Z danych GUS wynika, że od 2014 do 2017 roku liczba mieszkańców Poznania spadła z 545.680 do 538.633. Urząd miasta zwraca jednak uwagę, że dane GUS nie uwzględniają wszystkich mieszkańców miasta, a jedynie tych, którzy w Poznaniu są zameldowani -Według definicji stosowanej przez GUS liczba ludności zamieszkałej obejmuje stałych mieszkańców danej miejscowości, czyli osoby zameldowane na pobyt stały lub czasowy ponad 3 miesiące lub deklarujące, że w niej zamieszkują stale lub czasowo, jednak bez cudzoziemców nie posiadających pozwolenia na pobyt stały w Polsce. Do ludności zamieszkałej wlicza się także osoby przebywające w innej miejscowości w kraju przez okres krótszy niż 3 miesiące oraz osoby przebywające za granicą przez okres dłuższy niż 3 miesiące. Taka metoda nie daje pełnego obrazu i powoduje, że wiele osób mieszkających w Poznaniu umyka statystyce publicznej. Chcąc oszacować, ile osób naprawdę mieszka w Poznaniu, trzeba wziąć pod uwagę wiele innych zmiennych -wyjaśnia Iwona Matuszczak-Szulc, dyr. Wydziału Rozwoju i Współpracy Międzynarodowej UMP.
W statystykach GUS-u kompletnie niewidoczni są studenci oraz przybysze z różnych stron świata.

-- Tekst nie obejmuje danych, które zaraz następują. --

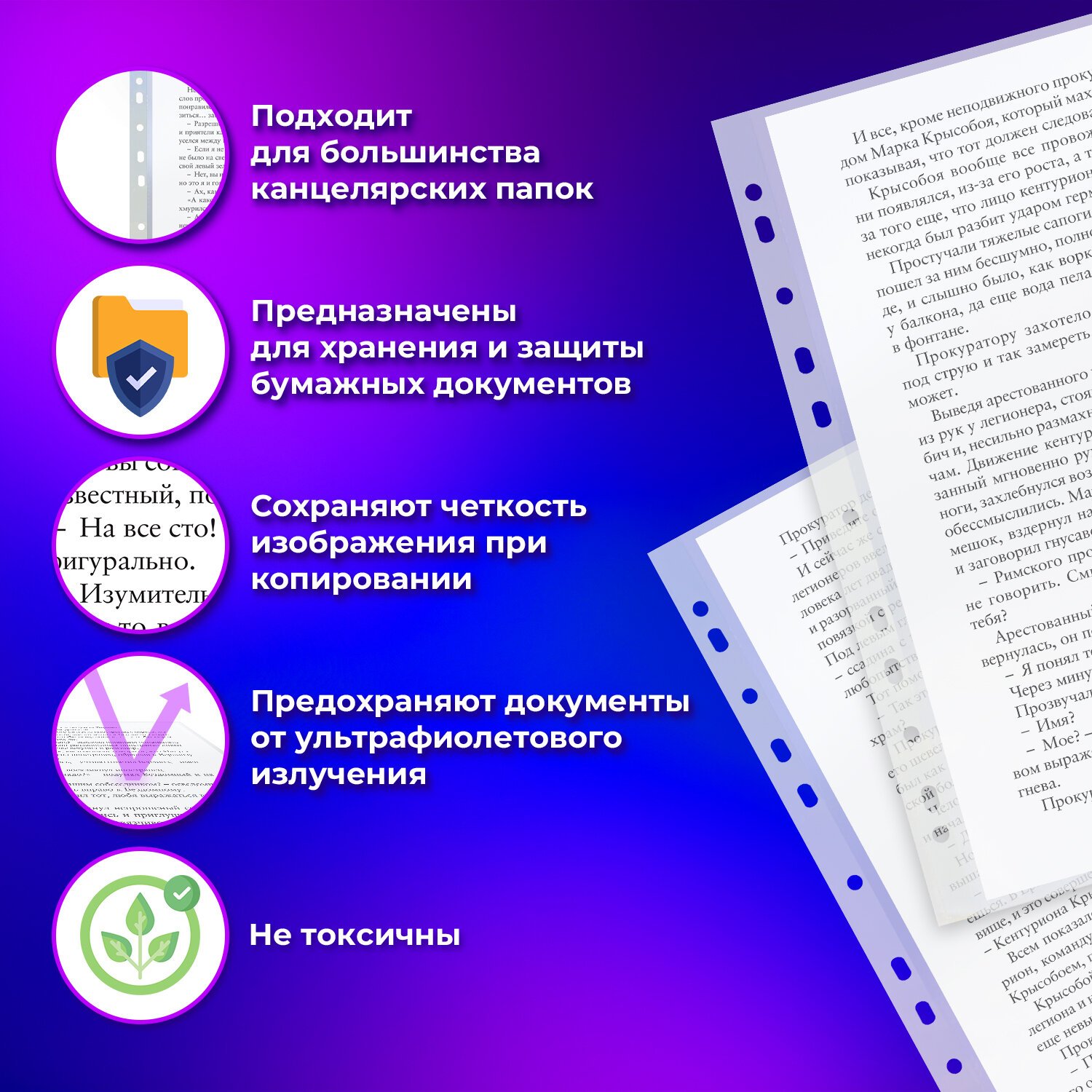 Перфорированные папки-файлы ОФИСМАГ "Стандарт" предназначены для хранения и защиты бумажных документов от загрязнения и механических повреждений.

Według poznańskich urzędników w 2017 roku w Poznaniu żyło nawet 100 000 osób więcej niż podają oficjalne statystyki, a wzrost liczby mieszkańców jest widoczny od czterech lat. Z szacunkowych danych UM wynika, że od 2014 do 2017 roku liczba mieszkańców wzrosła od 640.820 do 671.233 -Wielu realnych mieszkańców miasta jest niewidocznych dla oficjalnych statystyk. Ale przecież w rzeczywistości są obecni w Poznaniu. Wynajmują tu mieszkania, kupują bilety na komunikację miejską, robią zakupy w poznańskich sklepach i wspierają gospodarkę miasta. Naszym kolejnym zadaniem jest teraz przekonanie ich, żeby związali się z Poznaniem na stałe i wskazali nasze miasto jako oficjalny adres zamieszkania - komentuje Łukasz Mikuła, radny PO.